§ Given records:
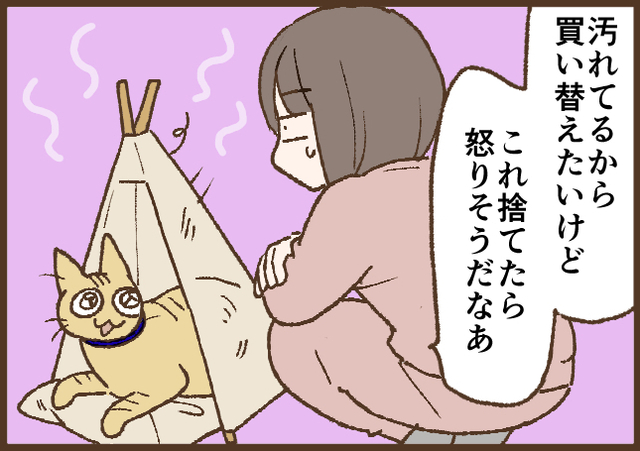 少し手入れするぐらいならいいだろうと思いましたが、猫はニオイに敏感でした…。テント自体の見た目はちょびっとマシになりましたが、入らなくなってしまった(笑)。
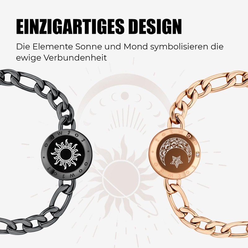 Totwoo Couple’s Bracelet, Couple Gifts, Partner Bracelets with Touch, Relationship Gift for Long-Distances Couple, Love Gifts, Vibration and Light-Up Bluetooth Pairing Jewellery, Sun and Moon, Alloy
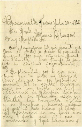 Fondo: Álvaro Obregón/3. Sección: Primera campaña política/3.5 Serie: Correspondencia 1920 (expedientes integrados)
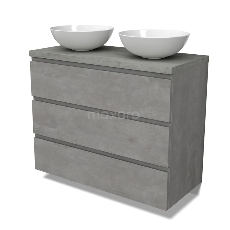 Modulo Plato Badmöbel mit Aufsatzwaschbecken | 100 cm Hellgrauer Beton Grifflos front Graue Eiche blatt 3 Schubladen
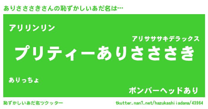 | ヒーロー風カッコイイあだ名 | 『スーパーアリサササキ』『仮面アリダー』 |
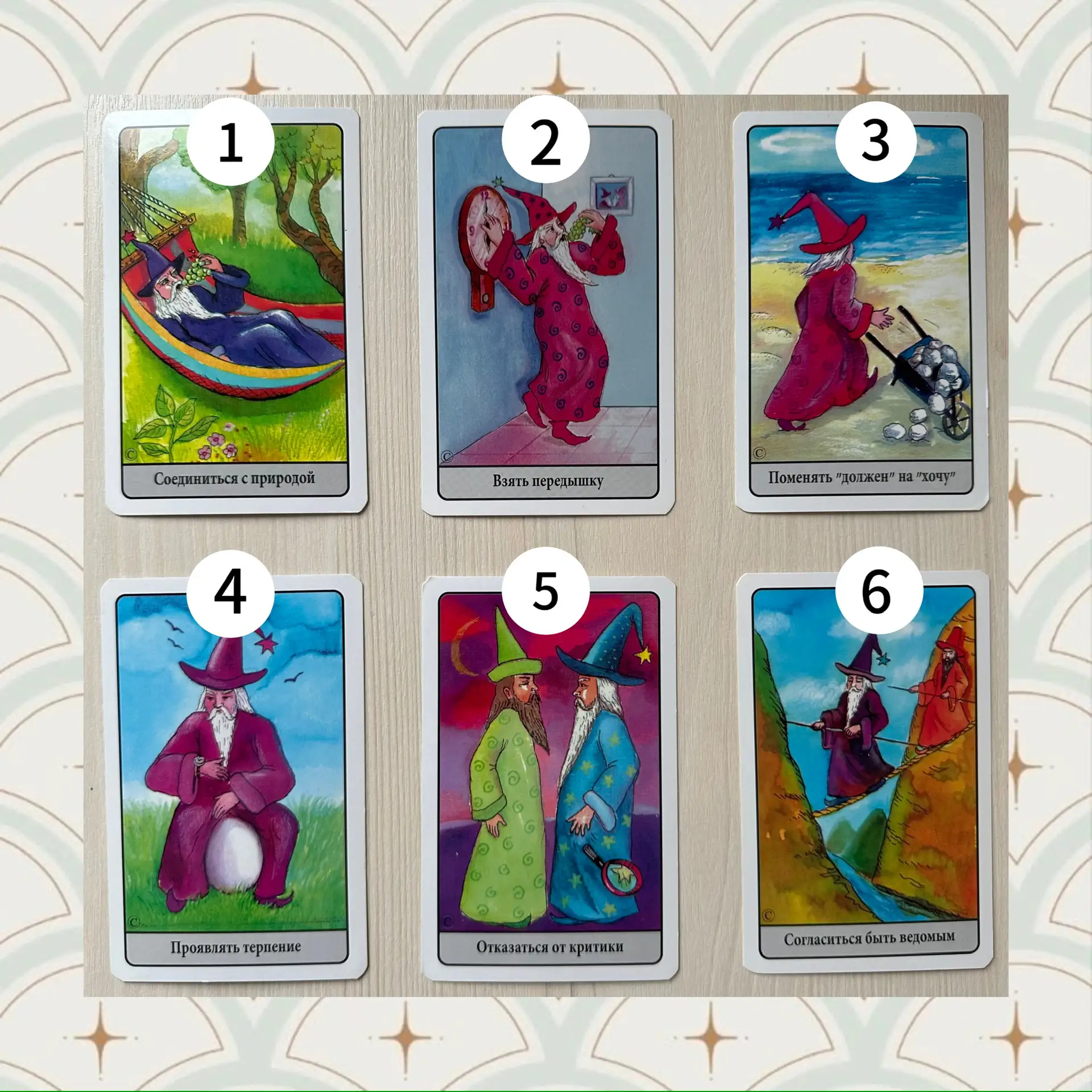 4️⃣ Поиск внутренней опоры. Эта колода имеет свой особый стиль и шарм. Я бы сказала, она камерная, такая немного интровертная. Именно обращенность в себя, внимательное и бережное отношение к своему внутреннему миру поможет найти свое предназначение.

--

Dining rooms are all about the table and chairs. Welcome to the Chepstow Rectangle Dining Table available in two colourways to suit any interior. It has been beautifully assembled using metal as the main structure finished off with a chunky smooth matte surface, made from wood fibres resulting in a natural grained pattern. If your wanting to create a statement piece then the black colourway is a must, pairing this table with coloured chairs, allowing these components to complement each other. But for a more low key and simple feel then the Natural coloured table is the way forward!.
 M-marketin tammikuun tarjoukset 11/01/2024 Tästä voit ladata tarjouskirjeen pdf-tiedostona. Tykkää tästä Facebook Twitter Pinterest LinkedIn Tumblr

§ Requirement:
Pictures in the material above should be skipped; print exactly the lines from the one with "少し手入れするぐらいならいい" through the one with "4️⃣ Поиск внутренней".

§ Output for this exercise:
 少し手入れするぐらいならいいだろうと思いましたが、猫はニオイに敏感でした…。テント自体の見た目はちょびっとマシになりましたが、入らなくなってしまった(笑)。
 Totwoo Couple’s Bracelet, Couple Gifts, Partner Bracelets with Touch, Relationship Gift for Long-Distances Couple, Love Gifts, Vibration and Light-Up Bluetooth Pairing Jewellery, Sun and Moon, Alloy
 Fondo: Álvaro Obregón/3. Sección: Primera campaña política/3.5 Serie: Correspondencia 1920 (expedientes integrados)
 Modulo Plato Badmöbel mit Aufsatzwaschbecken | 100 cm Hellgrauer Beton Grifflos front Graue Eiche blatt 3 Schubladen
 | ヒーロー風カッコイイあだ名 | 『スーパーアリサササキ』『仮面アリダー』 |
 4️⃣ Поиск внутренней опоры. Эта колода имеет свой особый стиль и шарм. Я бы сказала, она камерная, такая немного интровертная. Именно обращенность в себя, внимательное и бережное отношение к своему внутреннему миру поможет найти свое предназначение.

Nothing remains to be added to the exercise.